* [WHAT THE TASK ASKS]
For every record here, output an exact copy.

====== EXTRACTED INFORMATION ======

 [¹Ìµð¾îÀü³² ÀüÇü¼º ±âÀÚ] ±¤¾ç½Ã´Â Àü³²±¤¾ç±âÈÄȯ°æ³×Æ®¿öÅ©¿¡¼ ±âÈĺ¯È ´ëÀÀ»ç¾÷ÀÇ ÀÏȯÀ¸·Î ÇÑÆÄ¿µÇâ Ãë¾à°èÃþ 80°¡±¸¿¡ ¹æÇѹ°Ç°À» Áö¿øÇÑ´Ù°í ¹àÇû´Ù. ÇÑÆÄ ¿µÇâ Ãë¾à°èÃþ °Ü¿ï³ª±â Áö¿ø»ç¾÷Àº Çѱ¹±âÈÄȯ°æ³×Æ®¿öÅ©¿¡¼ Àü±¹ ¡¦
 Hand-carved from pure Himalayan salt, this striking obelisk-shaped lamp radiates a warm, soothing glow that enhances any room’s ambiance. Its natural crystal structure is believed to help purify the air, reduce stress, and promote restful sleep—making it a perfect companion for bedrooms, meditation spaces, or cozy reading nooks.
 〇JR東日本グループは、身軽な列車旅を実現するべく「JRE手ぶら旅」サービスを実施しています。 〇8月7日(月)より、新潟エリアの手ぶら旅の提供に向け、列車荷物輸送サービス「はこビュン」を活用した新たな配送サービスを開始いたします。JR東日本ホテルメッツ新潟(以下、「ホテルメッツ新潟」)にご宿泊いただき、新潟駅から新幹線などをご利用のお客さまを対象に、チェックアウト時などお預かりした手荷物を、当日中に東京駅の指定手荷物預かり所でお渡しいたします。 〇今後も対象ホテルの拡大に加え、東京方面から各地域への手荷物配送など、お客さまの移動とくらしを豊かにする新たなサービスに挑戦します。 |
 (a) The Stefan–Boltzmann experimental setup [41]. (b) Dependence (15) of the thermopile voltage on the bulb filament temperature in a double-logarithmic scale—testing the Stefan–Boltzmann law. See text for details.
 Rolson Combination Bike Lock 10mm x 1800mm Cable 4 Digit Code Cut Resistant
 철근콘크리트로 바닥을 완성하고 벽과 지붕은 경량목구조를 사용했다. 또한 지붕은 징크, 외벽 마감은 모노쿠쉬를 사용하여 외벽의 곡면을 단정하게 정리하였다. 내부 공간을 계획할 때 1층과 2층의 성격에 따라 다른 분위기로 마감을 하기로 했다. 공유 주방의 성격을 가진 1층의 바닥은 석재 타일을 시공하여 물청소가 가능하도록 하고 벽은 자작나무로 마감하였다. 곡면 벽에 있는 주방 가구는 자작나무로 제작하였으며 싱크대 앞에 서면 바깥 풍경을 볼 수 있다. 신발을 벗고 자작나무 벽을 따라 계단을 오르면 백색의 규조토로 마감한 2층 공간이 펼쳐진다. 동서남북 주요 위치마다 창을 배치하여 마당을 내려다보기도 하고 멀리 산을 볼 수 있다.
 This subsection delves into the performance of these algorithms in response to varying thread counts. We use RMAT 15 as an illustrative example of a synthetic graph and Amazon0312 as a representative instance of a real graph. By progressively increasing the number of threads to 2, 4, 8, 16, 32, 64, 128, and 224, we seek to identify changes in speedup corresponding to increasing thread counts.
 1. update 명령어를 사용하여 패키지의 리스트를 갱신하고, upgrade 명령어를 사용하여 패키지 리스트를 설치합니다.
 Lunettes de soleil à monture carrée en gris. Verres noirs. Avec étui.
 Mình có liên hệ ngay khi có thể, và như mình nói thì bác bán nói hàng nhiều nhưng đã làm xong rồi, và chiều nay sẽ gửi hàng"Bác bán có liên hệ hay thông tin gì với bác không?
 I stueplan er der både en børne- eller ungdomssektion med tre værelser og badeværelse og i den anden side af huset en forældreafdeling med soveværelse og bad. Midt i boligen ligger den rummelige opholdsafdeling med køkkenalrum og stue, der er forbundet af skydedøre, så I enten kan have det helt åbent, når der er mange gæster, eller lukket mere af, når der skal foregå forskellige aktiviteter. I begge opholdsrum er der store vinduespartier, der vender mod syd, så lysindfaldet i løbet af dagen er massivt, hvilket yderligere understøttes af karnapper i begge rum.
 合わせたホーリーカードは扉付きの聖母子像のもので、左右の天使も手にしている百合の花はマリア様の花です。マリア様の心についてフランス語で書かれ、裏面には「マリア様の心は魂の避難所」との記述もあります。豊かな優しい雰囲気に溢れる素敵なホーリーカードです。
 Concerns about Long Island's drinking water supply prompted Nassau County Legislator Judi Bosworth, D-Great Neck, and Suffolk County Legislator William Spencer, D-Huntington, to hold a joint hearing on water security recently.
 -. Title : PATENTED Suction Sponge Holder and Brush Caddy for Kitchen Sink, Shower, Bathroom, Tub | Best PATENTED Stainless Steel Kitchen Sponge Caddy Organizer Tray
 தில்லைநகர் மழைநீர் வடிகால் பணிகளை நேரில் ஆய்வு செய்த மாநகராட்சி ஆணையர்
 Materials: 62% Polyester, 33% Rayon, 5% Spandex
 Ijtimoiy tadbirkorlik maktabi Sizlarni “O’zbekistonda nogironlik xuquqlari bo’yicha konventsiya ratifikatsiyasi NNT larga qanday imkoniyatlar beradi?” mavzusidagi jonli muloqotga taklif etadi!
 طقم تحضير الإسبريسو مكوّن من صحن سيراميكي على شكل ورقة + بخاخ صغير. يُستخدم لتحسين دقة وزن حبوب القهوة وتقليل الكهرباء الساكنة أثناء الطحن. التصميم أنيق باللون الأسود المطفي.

======

* [YOUR SOLUTION]
 [¹Ìµð¾îÀü³² ÀüÇü¼º ±âÀÚ] ±¤¾ç½Ã´Â Àü³²±¤¾ç±âÈÄȯ°æ³×Æ®¿öÅ©¿¡¼ ±âÈĺ¯È ´ëÀÀ»ç¾÷ÀÇ ÀÏȯÀ¸·Î ÇÑÆÄ¿µÇâ Ãë¾à°èÃþ 80°¡±¸¿¡ ¹æÇѹ°Ç°À» Áö¿øÇÑ´Ù°í ¹àÇû´Ù. ÇÑÆÄ ¿µÇâ Ãë¾à°èÃþ °Ü¿ï³ª±â Áö¿ø»ç¾÷Àº Çѱ¹±âÈÄȯ°æ³×Æ®¿öÅ©¿¡¼ Àü±¹ ¡¦
 Hand-carved from pure Himalayan salt, this striking obelisk-shaped lamp radiates a warm, soothing glow that enhances any room’s ambiance. Its natural crystal structure is believed to help purify the air, reduce stress, and promote restful sleep—making it a perfect companion for bedrooms, meditation spaces, or cozy reading nooks.
 〇JR東日本グループは、身軽な列車旅を実現するべく「JRE手ぶら旅」サービスを実施しています。 〇8月7日(月)より、新潟エリアの手ぶら旅の提供に向け、列車荷物輸送サービス「はこビュン」を活用した新たな配送サービスを開始いたします。JR東日本ホテルメッツ新潟(以下、「ホテルメッツ新潟」)にご宿泊いただき、新潟駅から新幹線などをご利用のお客さまを対象に、チェックアウト時などお預かりした手荷物を、当日中に東京駅の指定手荷物預かり所でお渡しいたします。 〇今後も対象ホテルの拡大に加え、東京方面から各地域への手荷物配送など、お客さまの移動とくらしを豊かにする新たなサービスに挑戦します。 |
 (a) The Stefan–Boltzmann experimental setup [41]. (b) Dependence (15) of the thermopile voltage on the bulb filament temperature in a double-logarithmic scale—testing the Stefan–Boltzmann law. See text for details.
 Rolson Combination Bike Lock 10mm x 1800mm Cable 4 Digit Code Cut Resistant
 철근콘크리트로 바닥을 완성하고 벽과 지붕은 경량목구조를 사용했다. 또한 지붕은 징크, 외벽 마감은 모노쿠쉬를 사용하여 외벽의 곡면을 단정하게 정리하였다. 내부 공간을 계획할 때 1층과 2층의 성격에 따라 다른 분위기로 마감을 하기로 했다. 공유 주방의 성격을 가진 1층의 바닥은 석재 타일을 시공하여 물청소가 가능하도록 하고 벽은 자작나무로 마감하였다. 곡면 벽에 있는 주방 가구는 자작나무로 제작하였으며 싱크대 앞에 서면 바깥 풍경을 볼 수 있다. 신발을 벗고 자작나무 벽을 따라 계단을 오르면 백색의 규조토로 마감한 2층 공간이 펼쳐진다. 동서남북 주요 위치마다 창을 배치하여 마당을 내려다보기도 하고 멀리 산을 볼 수 있다.
 This subsection delves into the performance of these algorithms in response to varying thread counts. We use RMAT 15 as an illustrative example of a synthetic graph and Amazon0312 as a representative instance of a real graph. By progressively increasing the number of threads to 2, 4, 8, 16, 32, 64, 128, and 224, we seek to identify changes in speedup corresponding to increasing thread counts.
 1. update 명령어를 사용하여 패키지의 리스트를 갱신하고, upgrade 명령어를 사용하여 패키지 리스트를 설치합니다.
 Lunettes de soleil à monture carrée en gris. Verres noirs. Avec étui.
 Mình có liên hệ ngay khi có thể, và như mình nói thì bác bán nói hàng nhiều nhưng đã làm xong rồi, và chiều nay sẽ gửi hàng"Bác bán có liên hệ hay thông tin gì với bác không?
 I stueplan er der både en børne- eller ungdomssektion med tre værelser og badeværelse og i den anden side af huset en forældreafdeling med soveværelse og bad. Midt i boligen ligger den rummelige opholdsafdeling med køkkenalrum og stue, der er forbundet af skydedøre, så I enten kan have det helt åbent, når der er mange gæster, eller lukket mere af, når der skal foregå forskellige aktiviteter. I begge opholdsrum er der store vinduespartier, der vender mod syd, så lysindfaldet i løbet af dagen er massivt, hvilket yderligere understøttes af karnapper i begge rum.
 合わせたホーリーカードは扉付きの聖母子像のもので、左右の天使も手にしている百合の花はマリア様の花です。マリア様の心についてフランス語で書かれ、裏面には「マリア様の心は魂の避難所」との記述もあります。豊かな優しい雰囲気に溢れる素敵なホーリーカードです。
 Concerns about Long Island's drinking water supply prompted Nassau County Legislator Judi Bosworth, D-Great Neck, and Suffolk County Legislator William Spencer, D-Huntington, to hold a joint hearing on water security recently.
 -. Title : PATENTED Suction Sponge Holder and Brush Caddy for Kitchen Sink, Shower, Bathroom, Tub | Best PATENTED Stainless Steel Kitchen Sponge Caddy Organizer Tray
 தில்லைநகர் மழைநீர் வடிகால் பணிகளை நேரில் ஆய்வு செய்த மாநகராட்சி ஆணையர்
 Materials: 62% Polyester, 33% Rayon, 5% Spandex
 Ijtimoiy tadbirkorlik maktabi Sizlarni “O’zbekistonda nogironlik xuquqlari bo’yicha konventsiya ratifikatsiyasi NNT larga qanday imkoniyatlar beradi?” mavzusidagi jonli muloqotga taklif etadi!
 طقم تحضير الإسبريسو مكوّن من صحن سيراميكي على شكل ورقة + بخاخ صغير. يُستخدم لتحسين دقة وزن حبوب القهوة وتقليل الكهرباء الساكنة أثناء الطحن. التصميم أنيق باللون الأسود المطفي.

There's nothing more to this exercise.